Шурка смотрит на мой перекошенный взгляд и, вздохнув, объясняет:
– Короче, пошла я на депутатскую автостоянку и познакомилась с ихними сторожами. Сторожами там все сплошь военные пенсионеры. Они же рано на пенсию уходят. Веселые, накачанные.
– Так ты сразу с четырьмя? – бледнею я.
– Вер, ты в своем уме? По очереди. У каждого своя неделя. Уж в чем, а в дисциплине военным равных нет.
Я молчу.
– Буквально, как пацаны, буквально, – мечтательно говорит Шурка. – Прикалывать обожают. Мне и в «мерседесах», и в БМВ, и в «тойотах» разных посидеть дают. А иногда и поваляться, если кузов – универсал, – глаза Шурки становятся лукавыми.
– Прихватят вас ненароком какой-нибудь депутат в своем «мерседесе»? – говорю я. – Не рассчитаетесь.
– Я тебя умоляю, – Шурка ломает апельсин на две части. – А хочешь, я и тебя с ними познакомлю? Пока ты еще не стюардесса?
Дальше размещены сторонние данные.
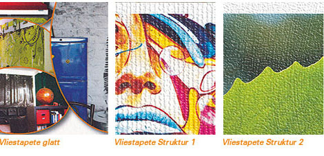 Alle Vliestapeten (außer Fineart) sind wasser- und lichtbeständig und außerdem noch schwer entflammbar nach B1-Zertifikat sowie frei von PVC und Weichmachern. Die stukturierten Vliestapeten wird aus reinem Vlies heißverprägt, was die Widerstandsfähigkeit der Oberfläche enorm erhöht.
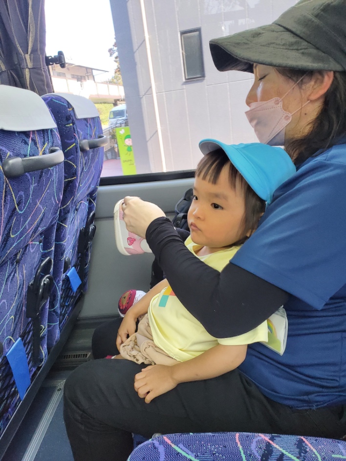 保育園の前の道は大型バスが入ってこれません。大通りまで歩いて大型バス(つくしの観光バス)に乗車します。
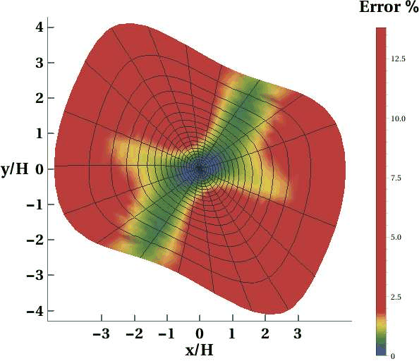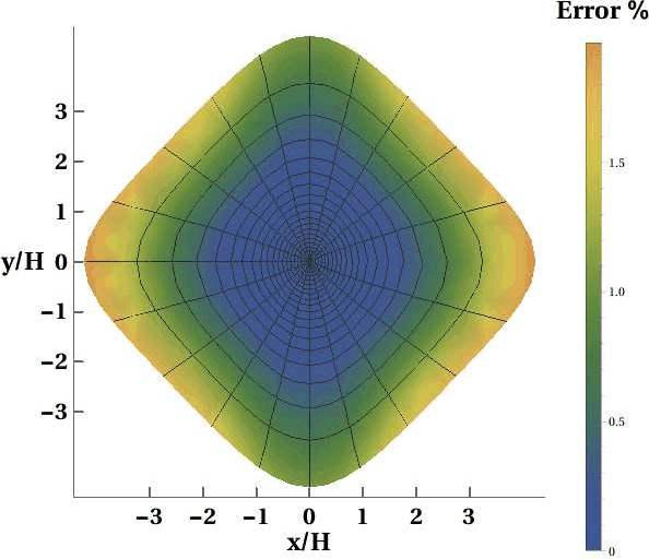 Figure 9. Error plots of the approximation by Xu et al. (2005) in a) the rotated homogeneous orthorhombic layer (Layer 1) and in b) the three-layer orthorhombic model with azimuthal rotation in sublayers plotted under similar color scales as the originals when 20% error is introduced in known azimuthal angles. One can observe significantly higher errors compared with the original ones in Figures 3c and 5c. |

– Ничего ты, Шурка, не поняла, – машу я рукой и ем апельсин.
Прошел еще час.
Обед.
Мы с Шуркой выбрались на крышу и лежали на горячих листах меди. Медная крыша рождала волнение весенней атмосферы, и окружающая действительность казалось мне размытой и плывущей.
– Я растворяюсь, Шурка, – прошептала я сухими губами. – Прощай. Я не хочу возвращаться в мир, населенный стариками, женщинами и детьми. Я сохраню в своей угасающей памяти все лучшее, что было связано в моей жизни с настоящими мужчинами. Их было немного, но все они безупречны, красивы и умны.
– А что же, Вер, они тебя бросили? – спросила Шурка, – если они такие хорошие, как ты говоришь?
– Причина была не в них, а во мне, – сказала я, – потому что в отличие от них я была не безупречна, не красива и не умна.
И тут на меня упала связка веревок.
А потом, как с неба, на медь крыши свалился парень в синем джинсовом комбинезоне. Волосы придавлены бейсболкой. На носу солнечные очки, удлиненной формы, прозрачные, с яркими изломами и углами.
– Вы кто? – вздрогнула Шурка.
– Серега, – парень весело посмотрел на Шурку, потом на меня. – Привет, девчонки. Загораете?
– Мы тут работаем, – важно сказала Шура. – Мы строительная бригада. А вот вы кто? Может быть, домушник?
– Ну вы и скажете! – искренне удивился Серега и стал сматывать веревку. На ней позвякивали какие-то железки.
– А что такого? – напирала Шура. – Документы у вас есть?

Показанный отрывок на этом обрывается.